Tullett Prebon, a London-based inter-dealer broker described as one of the City’s biggest trading firms, will help employees relocate to avoid the United Kingdom’s 50 percent tax on bankers’ bonuses. The firm is also thinking about relocating its headquarters, Reuters reports:
A Tullett spokesman said the group would look into relocating staff who expressed a wish to quit the UK because it would otherwise run the risk of losing star brokers to rivals.
“The board has concluded that it is in the best interests of shareholders to respond to requests from desks to relocate out of the UK, and will seek to facilitate, were possible and appropriate, relocation to the company’s other offices around the world which have more certain taxation regimes,” the spokesman said.
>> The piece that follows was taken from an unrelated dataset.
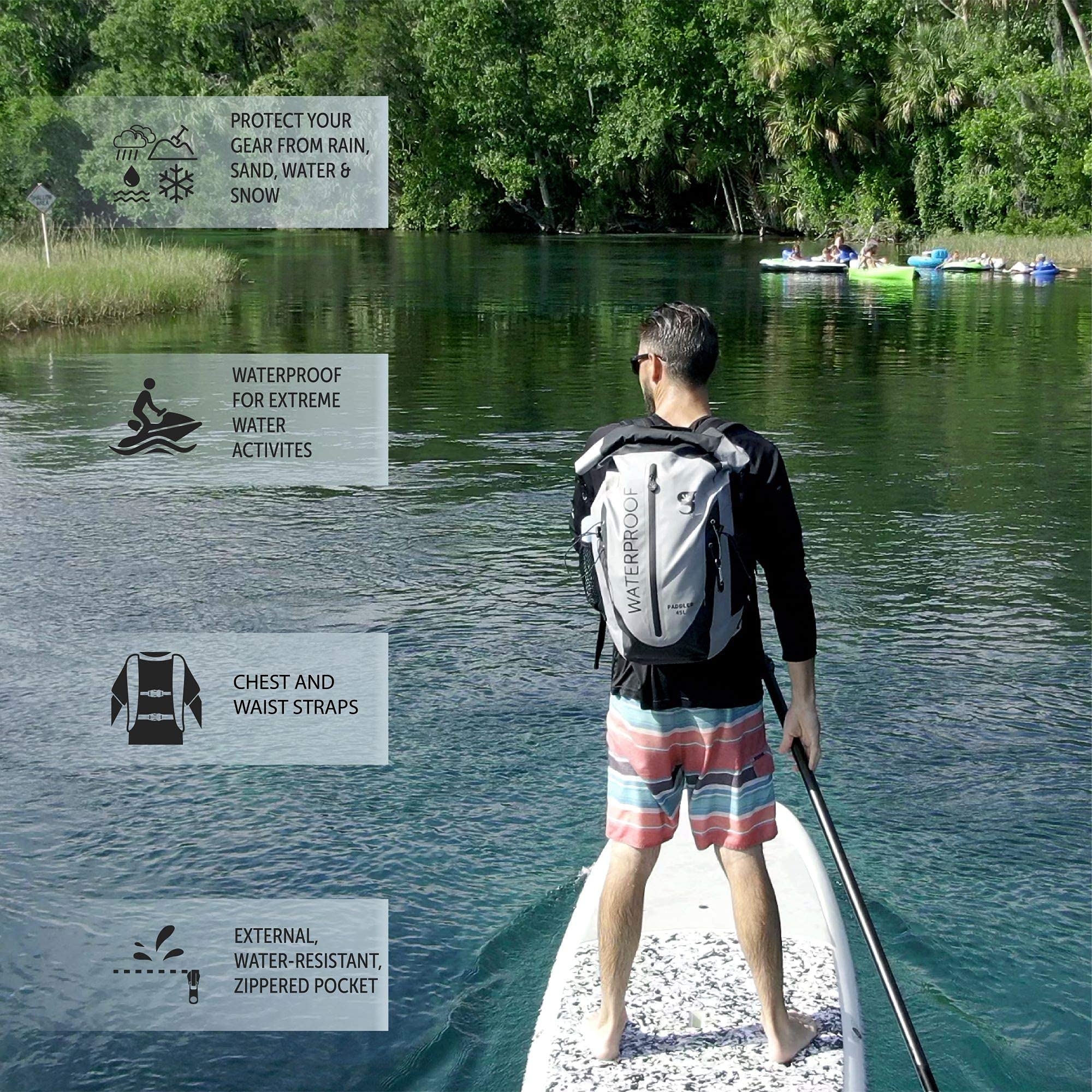 This backpack features a 30L capacity, durable pvc tarpaulin material and waist strap to take you on any adventures you throw at it.

Tullet’s move comes less than a week after the British government announced plans to slap a one-time tax of 50 percent on bank bonuses totaling more than 25,000 pounds ($40,800). The tax also applies to Britain-based subsidiaries of US companies. Sky News reports that it’s not yet clear that Tullet would be subject to the tax, but that executives are worried:
Chief executive Terry Smith emailed senior managers on Friday to say that the company’s board had taken the decision to help staff with their requests to relocate to other offices “with more certain taxation regimes”.
The email said that the government’s “explicit refusal to guarantee that similar ‘one off’ taxes will not be imposed next year” had caused a number of staff to raise the matter of relocation.
The UK has paid out more than $1.37 trillion in government money to troubled banks.
Sky reports that Tullet employees interested in relocating will have the chance to move to Switzerland, Bahrain, or Singapore.